As can been seen in previous, in each episode the reward is calculated through a process like

Starting from \(\left(s_1, a_1\right)\), the episode is \(s_1 \xrightarrow{a_1} s_1 \xrightarrow{a_1} s_1 \xrightarrow{a_1} \ldots\) Hence, the action value is \[ q_{\pi_0}\left(s_1, a_1\right)=-1+\gamma(-1)+\gamma^2(-1)+\ldots \]

The question is: how long should the episode length be? Will the length affect the final result?


In policy iteration algorithm the problem doesn't exist, since in PE sep what we care is the state value, and it can be obtained via an iteration process: \[ v_{\pi_k}^{(j+1)}=r_{\pi_k}+\gamma P_{\pi_k} v_{\pi_k}^{(j)}, \quad j=0,1,2, \ldots \] We have proved that starting from any initial guess \(v_{\pi_k}^{(0)}\), it is ensured that \(v_{\pi_k}^{(j)} \rightarrow v_{\pi_k}\) as \(j \rightarrow \infty\) (-->See the proof).


In my opinion, in MC Basic, if the episode length is too short, the algorithm won't congerge. Its convergence comes from the policy iteration algorithm. But if the episode length is too short, each action value won't be correct, and the premise of the reasoning falls apart.

//TODO So how should we know the right length? Isn't MC Basic too fragile?

We can see from the following figures that, the episode length greatly impacts the final optimal poli- cies.
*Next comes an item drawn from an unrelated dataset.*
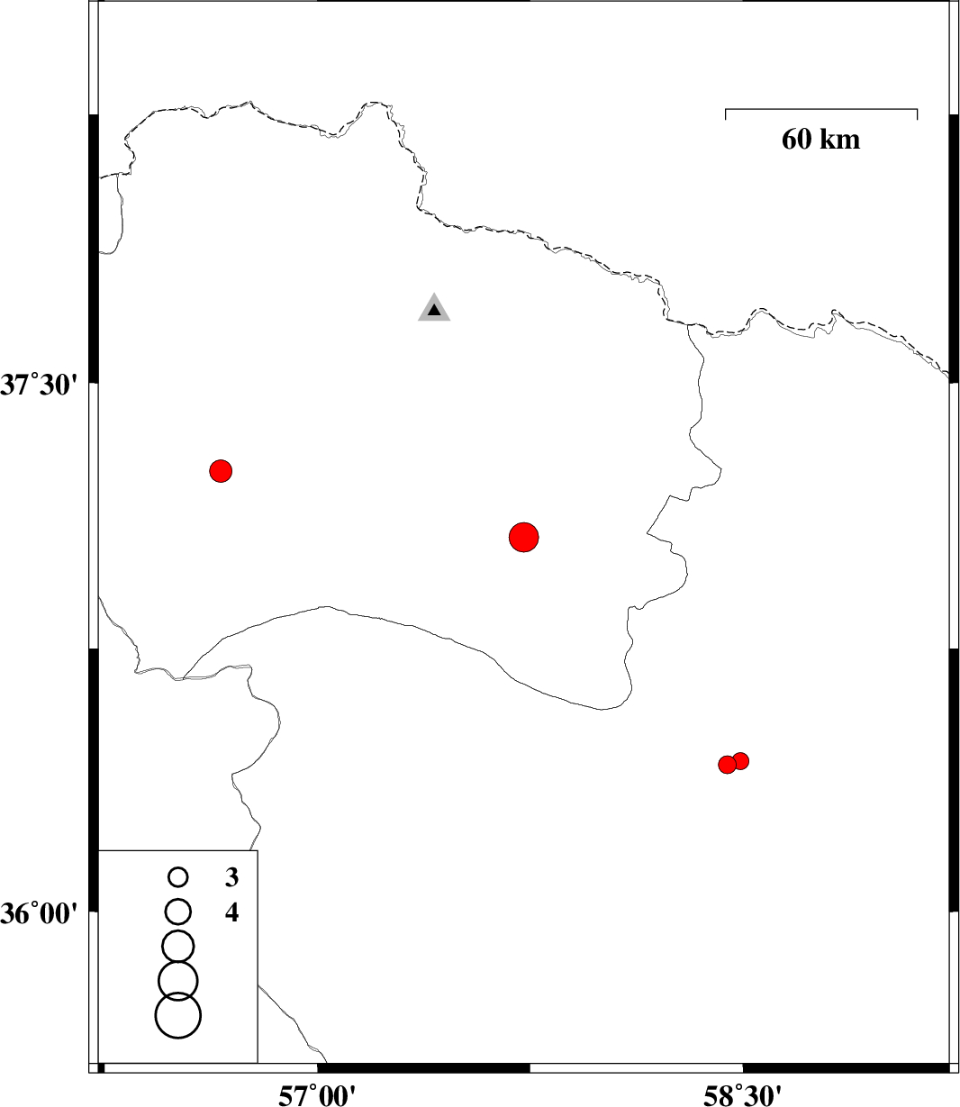 | 2015/08/27 | 20:45:17.1 | 01:15:17.1 | 37.251 | 56.659 | 15 | ML:3.5 | Khorasan(north) Province, 41 km North-East of Jajarm | ||

When the length of each episode is too short, neither the policy nor the value estimate is optimal (see Figures 5.4(a)-(d)). In the extreme case where the episode length is one, only the states that are adjacent to the target have nonzero values, and all the other states have zero values since each episode is too short to reach the target or get positive rewards (see Figure 5.4(a)).
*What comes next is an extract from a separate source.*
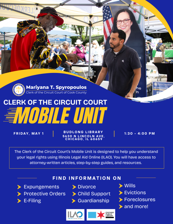 The Clerk's Office is taking the Clerk of the Circuit Court Mobile Unit to Budlong Library. This Mobile Unit is designed to help you understand your legal rights using Illinois Legal Aid Online (ILAO). You will have access to attorney‐written articles, step‐by‐step guides, and resources.

As the episode length increases, the policy and value estimates gradually approach the optimal ones (see Fig- ure 5.4(h)).
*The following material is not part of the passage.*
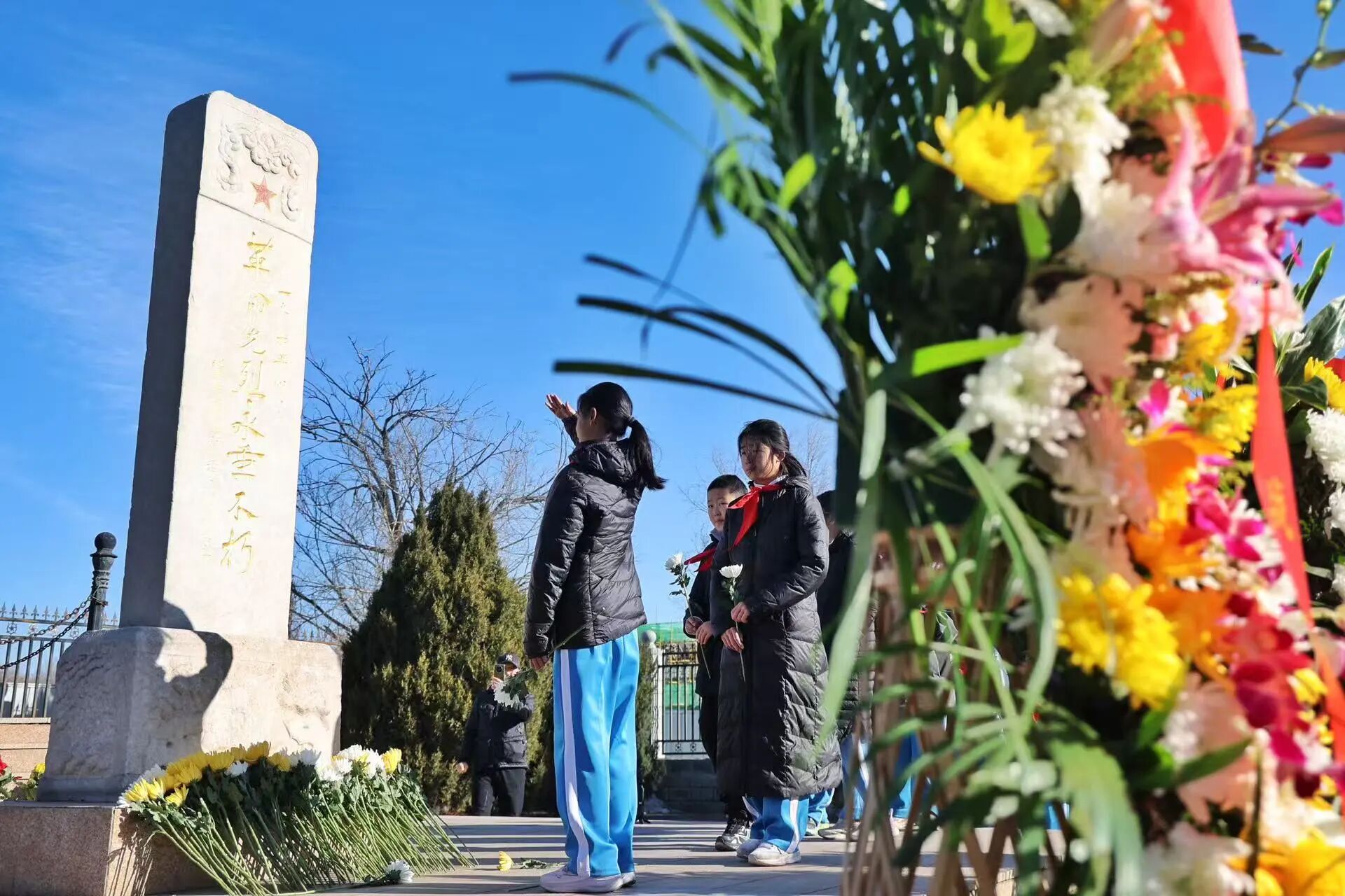 活动当日,六郎庄烈士墓庄严肃穆,苍松翠柏在寒风中静静伫立。全体人员前往六郎庄烈士墓举行纪念活动。西苑小学的学生们齐声唱响《我们是共产主义接班人》,稚嫩而坚定的歌声饱含对先烈的敬仰与对祖国的热爱。随后,内蒙古敖汉旗退役军人事务局、烈士亲属以及天津平津战役纪念馆、驻区部队代表共同敬献花篮。全体人员依次上前向烈士敬献鲜花,朵朵鲜花寄托着后辈对先烈的无限缅怀。

While the above analysis suggests that each episode must be sufficiently long, the episodes are not necessarily infinitely long. As shown in Figure 5.4(g), when the length is 30, the algorithm can find an optimal policy, although the value estimate is not yet optimal.

Figure 5.4: a, b, c, d
Figure 5.4: e, f, g, h

The above analysis is related to an important reward design problem, sparse reward, which refers to the scenario in which no positive rewards can be obtained unless the target is reached. The sparse reward setting requires long episodes that can reach the target. This requirement is challenging to satisfy when the state space is large. As a result, the sparse reward problem downgrades the learning efficiency.